▶ [Entries provided]
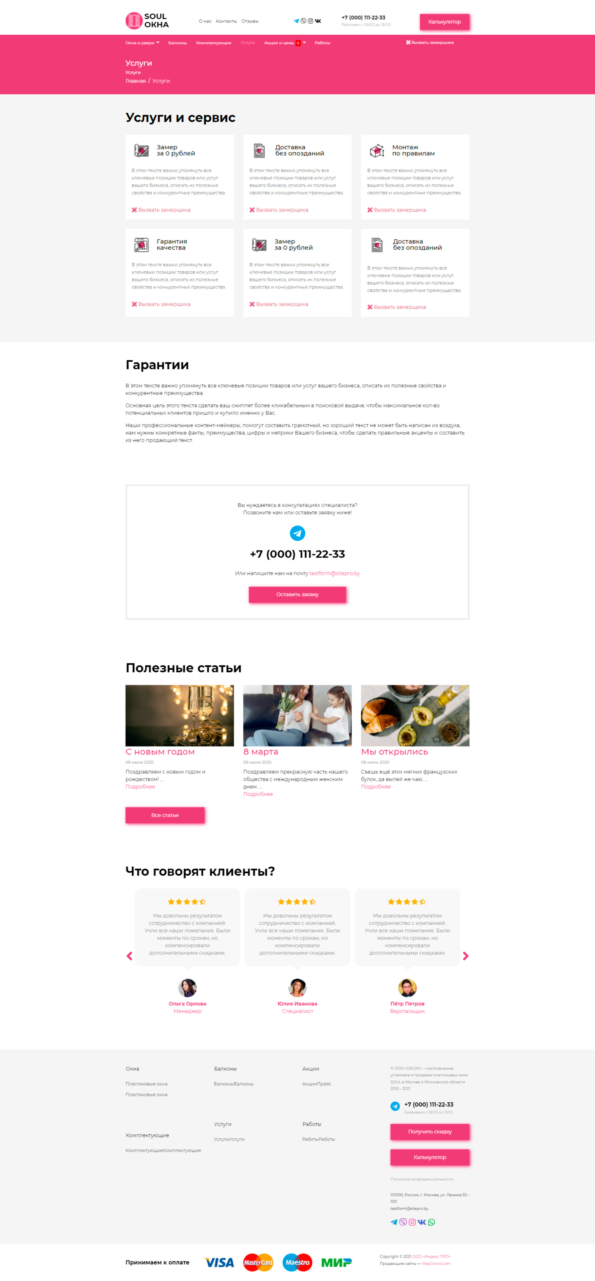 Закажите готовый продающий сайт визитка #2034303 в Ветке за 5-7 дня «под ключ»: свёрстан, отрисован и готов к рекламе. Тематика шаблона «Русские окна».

* * *

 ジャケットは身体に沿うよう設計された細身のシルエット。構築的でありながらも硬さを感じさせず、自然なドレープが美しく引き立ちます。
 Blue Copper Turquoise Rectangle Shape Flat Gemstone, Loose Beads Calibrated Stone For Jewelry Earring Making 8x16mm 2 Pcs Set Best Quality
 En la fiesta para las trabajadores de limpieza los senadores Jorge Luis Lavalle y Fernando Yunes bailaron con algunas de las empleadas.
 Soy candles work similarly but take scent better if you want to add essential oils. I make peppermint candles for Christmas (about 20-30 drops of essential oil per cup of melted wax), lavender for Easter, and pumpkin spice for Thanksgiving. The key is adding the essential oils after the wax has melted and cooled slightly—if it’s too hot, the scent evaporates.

---

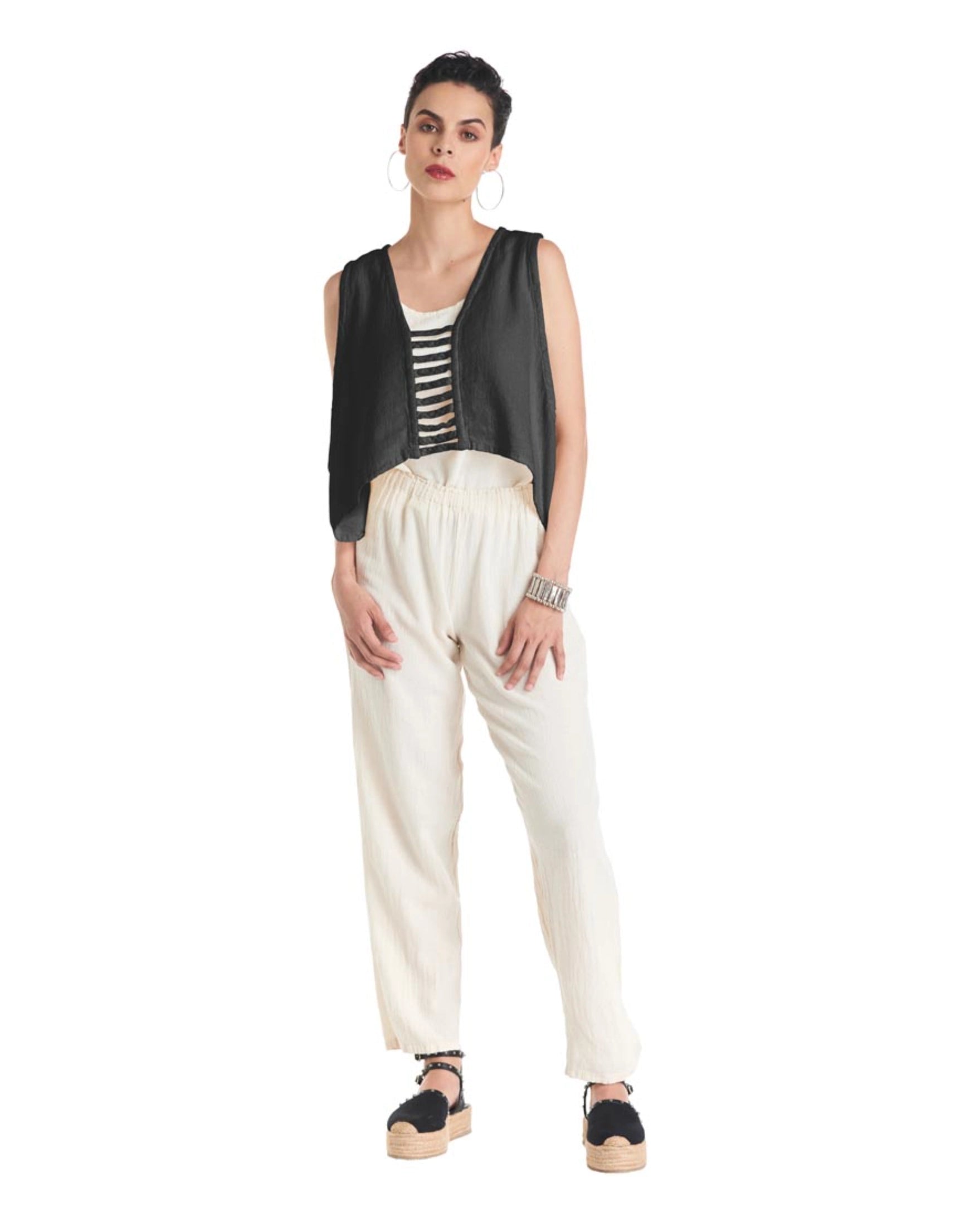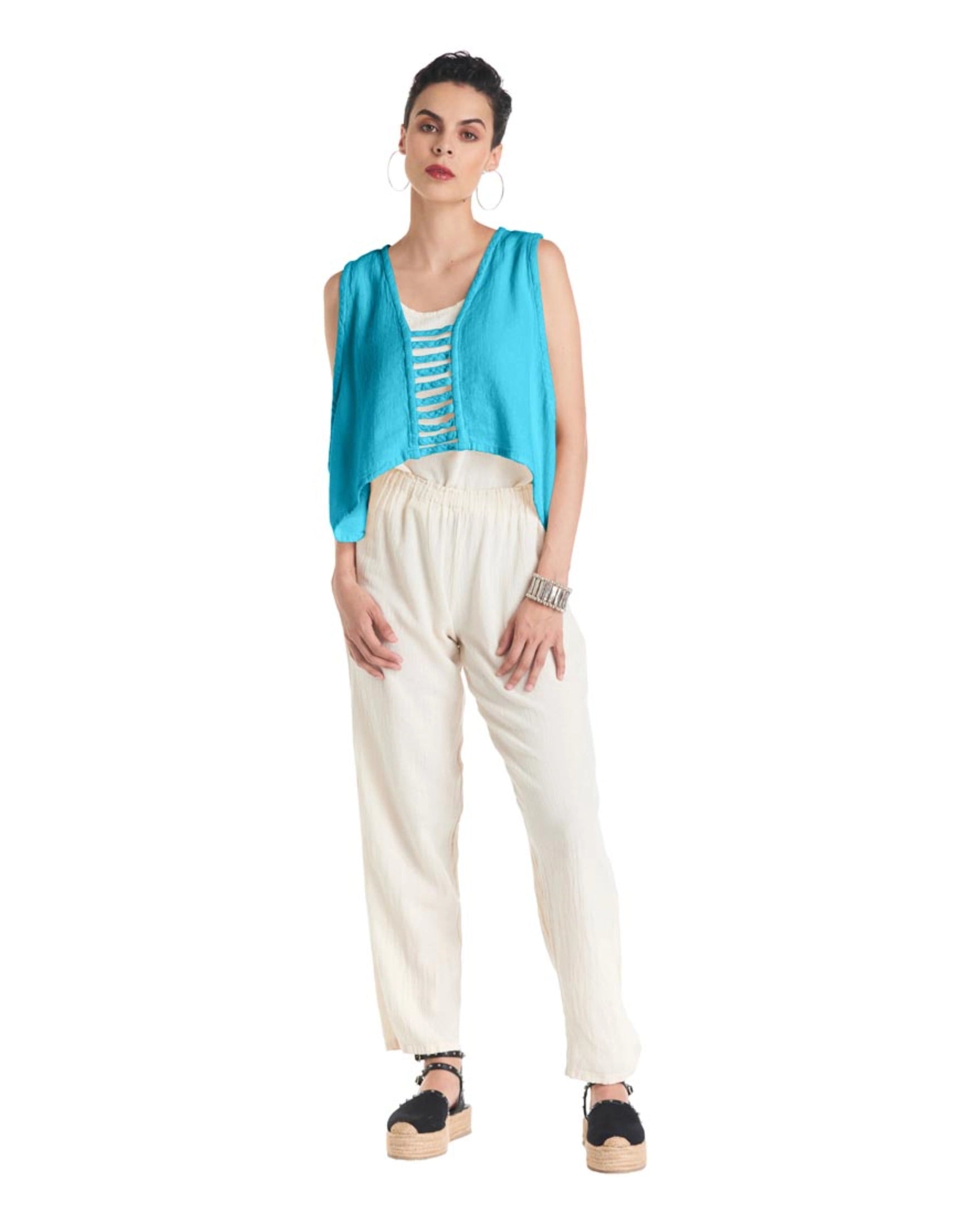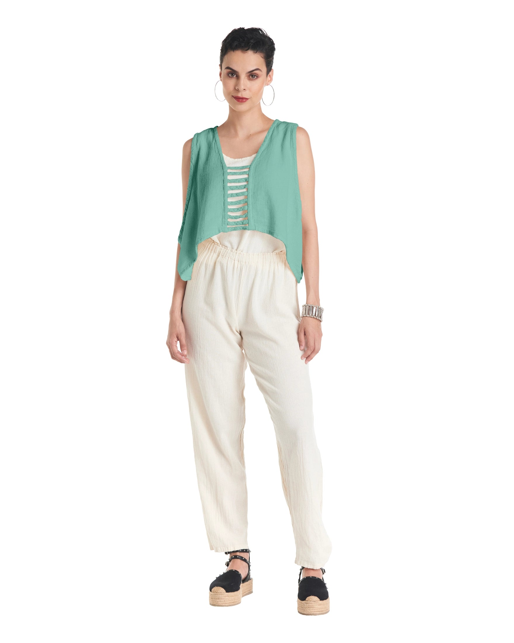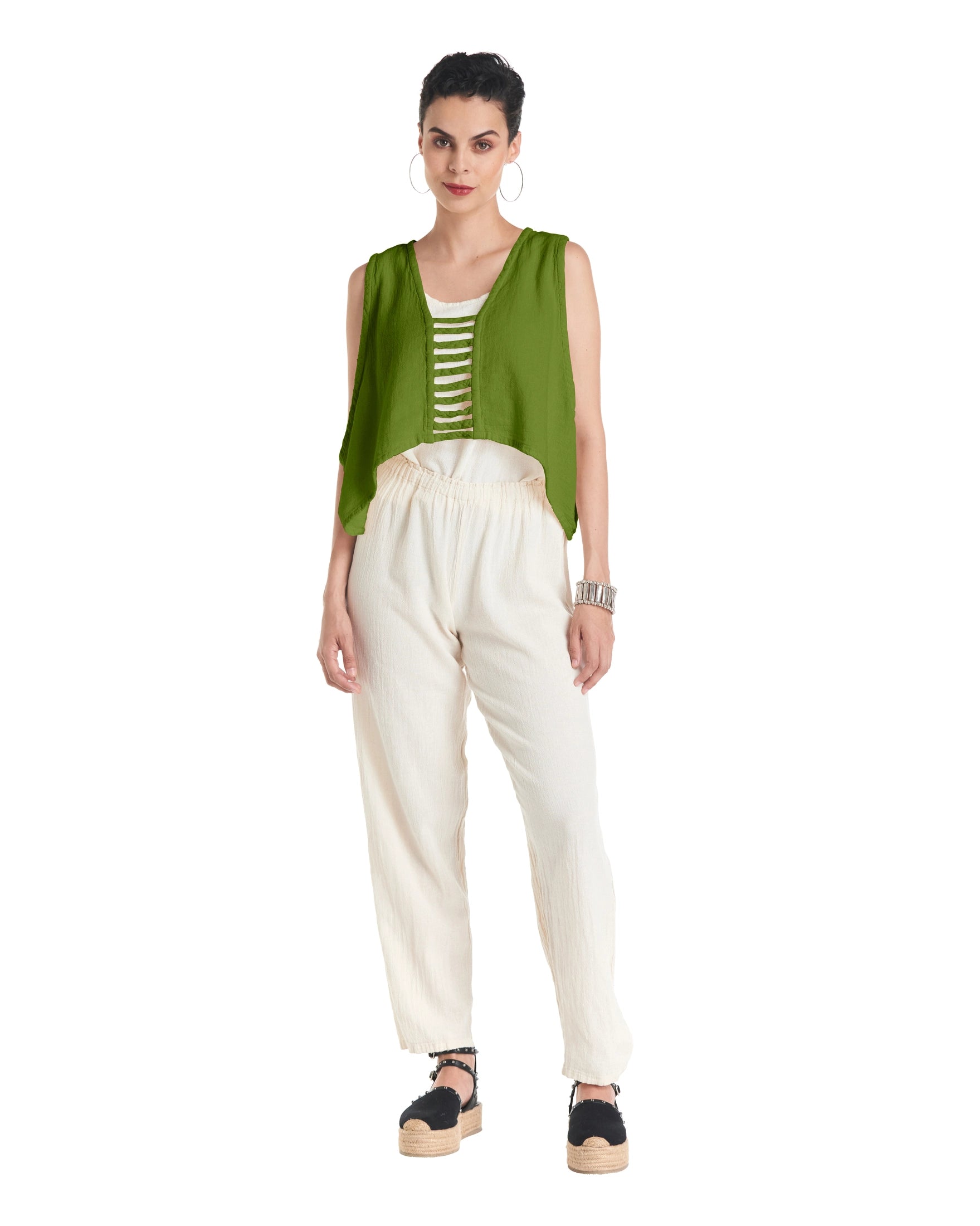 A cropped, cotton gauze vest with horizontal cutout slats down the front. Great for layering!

▶ [Assigned task]
Among the records above, repeat exactly the line with "Blue Copper Turquoise", the line with "Soy candles work", and every line in between, and only those.

▶ [Answer box]
 Blue Copper Turquoise Rectangle Shape Flat Gemstone, Loose Beads Calibrated Stone For Jewelry Earring Making 8x16mm 2 Pcs Set Best Quality
 En la fiesta para las trabajadores de limpieza los senadores Jorge Luis Lavalle y Fernando Yunes bailaron con algunas de las empleadas.
 Soy candles work similarly but take scent better if you want to add essential oils. I make peppermint candles for Christmas (about 20-30 drops of essential oil per cup of melted wax), lavender for Easter, and pumpkin spice for Thanksgiving. The key is adding the essential oils after the wax has melted and cooled slightly—if it’s too hot, the scent evaporates.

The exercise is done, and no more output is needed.